Reuters reported last week that the unprecedented program will make Georgia a “testbed for uprooting the liver-destroying disease.”

“Georgia has the world’s third highest prevalence of hepatitis C, after Egypt and Mongolia, with nearly 7 percent of adults carrying the virus. It also has a wide range of viral variations and different types of patients,” — Reuters writes. The country’s “manageable size,” with the population of 4,5 million, is believed to be a great factor in using Georgia as the test vehicle for the experiment. 

“It is a nice country for us to evaluate,” Gregg Alton, Gilead Sciences’ head of corporate and medical affairs told Reuters.

Sergeenko Health minister
Georgia’s health minster David Sergeenko, whose Hepatitis C program is viewed as having global potential in the United States

Thus, Mr Sergeenko’s program received a positive evaluation in the United States, with the country’s Center for Disease Control and Prevention backing his initiative in material terms as well. According to Reuters, the Center will cover firs 5,000 patients’ costs in 2015, with the next stage expected to get as big as 20,000 Hepatitis C-affected individuals a year.

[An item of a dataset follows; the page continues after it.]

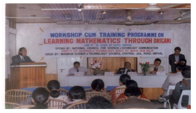
Inaugural Session of origami workshop

7. A state level Training workshop on learning mathematics through origami was held during January 15-18, 2000 at Hotel Imphal. Thirty five participants were present in the training. Two resource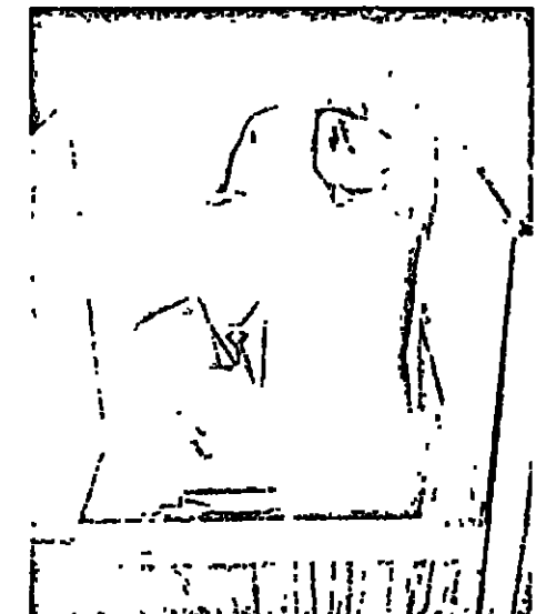
Un cabine du laboratoire--Un professeur écoute un enregistrement effectvé par un étudiant.

“Gilead’s hepatitis C drugs, and rival products from the likes of AbbVie, can cure hepatitis C but are out of reach at Western prices to patients in poor countries, with a single Sovaldi pill costing $1,000 in the United States.While Gilead has slashed the price for several low-income countries to $300 per bottle of 28 pills, it also wants to involve international donors in a broad eradication drive,”– Reuters writes. 

“We will take the Georgia data to other countries around the world to really make the case that investment can fundamentally change the disease over time,” Alton told the news agency Reuters.